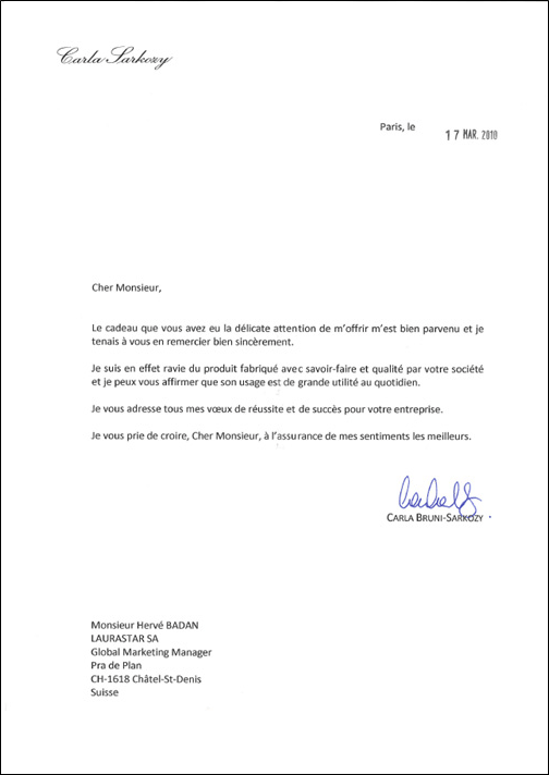 Pismo Carla Sarkozy
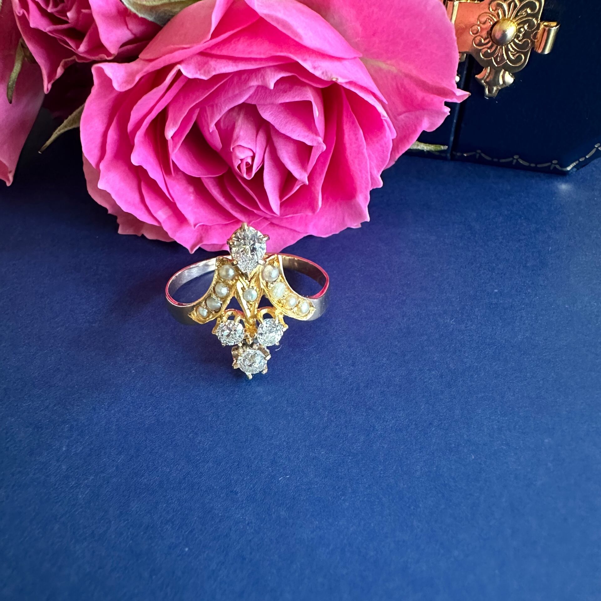 花のように咲き誇る、フルールドリスのアンティークリング。
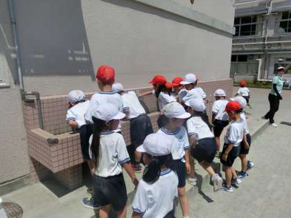 校庭練習のブレイクタイム、水飲み場は一番の人気スポットと化しています。
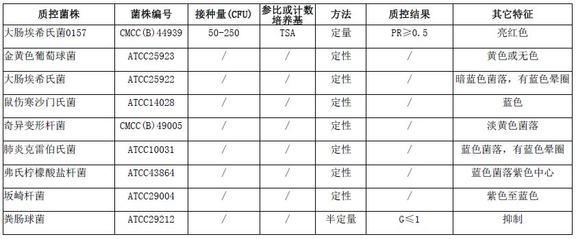 按标签用法制备培养基,接种以下质控菌株,放置36±1℃需氧培养18-24小时。
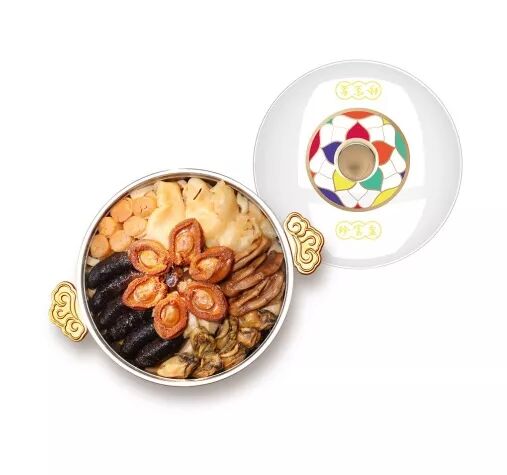 盆菜所用配汁是花园独家熬制的鲍鱼汁,选用老鸡,猪赤肉,猪手,猪皮,瑶柱,唐排,火腿,鸡脚炖八小时,浓香软滑,香气四溢。
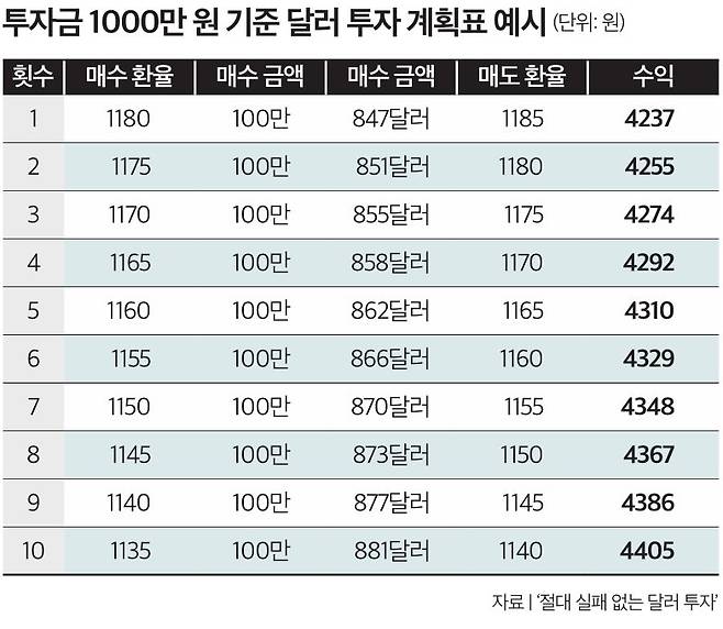 달러 투자는 어떤 방식으로 해야 하나."정답에 가까운 공식이 있다(표 참조). 먼저 달러는 1180원, 엔화는 1020원 이하일 때 첫 매수를 시작한다. 총 투자금을 10회로 나눠 분할매수하고, 첫 매수 이후 환율이 5원 떨어질 때마다 한 번씩 추가로 산다. 이후 내가 산 가격보다 5원 오르면 해당 물량만 매도한다. 5원을 기준으로 삼은 이유는 최근 5년간 환율의 일평균 변동 폭을 고려한 값이기 때문이다.
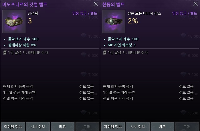 마나가 부족한 직업군이라면 천둥의 벨트가 더 나을 수도 있습니다.
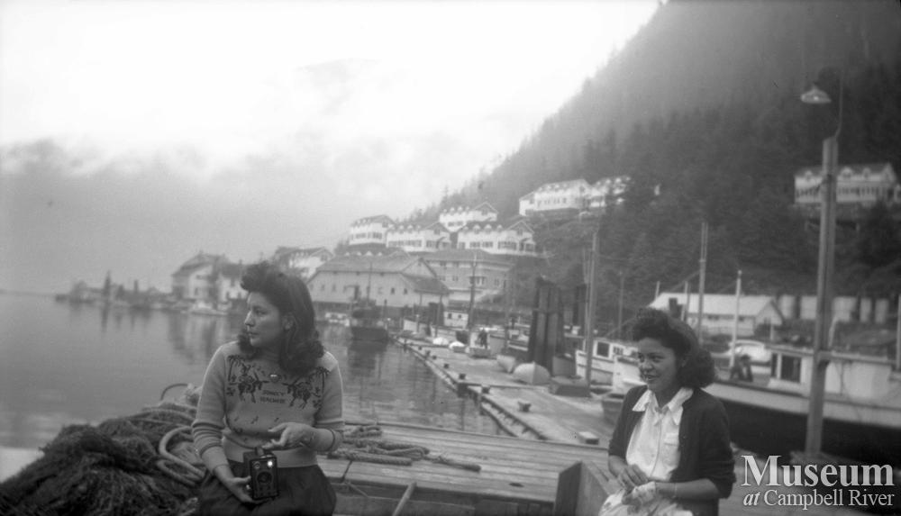 Ocean Falls was a mill town and an important supply stop for the commercial fishing fleet on the central coast. A one store company town with no road access, the arrival of the fishing fleet meant empty shelves until the next boat. For fishermen it meant some welcome shore time. The woman on the left in this photograph is Mercy Brown.

Activity -
Reproduce each line of the records above, exactly and without pictures.

Answer below -
 Pismo Carla Sarkozy
 花のように咲き誇る、フルールドリスのアンティークリング。
 校庭練習のブレイクタイム、水飲み場は一番の人気スポットと化しています。
 按标签用法制备培养基,接种以下质控菌株,放置36±1℃需氧培养18-24小时。
 盆菜所用配汁是花园独家熬制的鲍鱼汁,选用老鸡,猪赤肉,猪手,猪皮,瑶柱,唐排,火腿,鸡脚炖八小时,浓香软滑,香气四溢。
 달러 투자는 어떤 방식으로 해야 하나."정답에 가까운 공식이 있다(표 참조). 먼저 달러는 1180원, 엔화는 1020원 이하일 때 첫 매수를 시작한다. 총 투자금을 10회로 나눠 분할매수하고, 첫 매수 이후 환율이 5원 떨어질 때마다 한 번씩 추가로 산다. 이후 내가 산 가격보다 5원 오르면 해당 물량만 매도한다. 5원을 기준으로 삼은 이유는 최근 5년간 환율의 일평균 변동 폭을 고려한 값이기 때문이다.
 마나가 부족한 직업군이라면 천둥의 벨트가 더 나을 수도 있습니다.
 Ocean Falls was a mill town and an important supply stop for the commercial fishing fleet on the central coast. A one store company town with no road access, the arrival of the fishing fleet meant empty shelves until the next boat. For fishermen it meant some welcome shore time. The woman on the left in this photograph is Mercy Brown.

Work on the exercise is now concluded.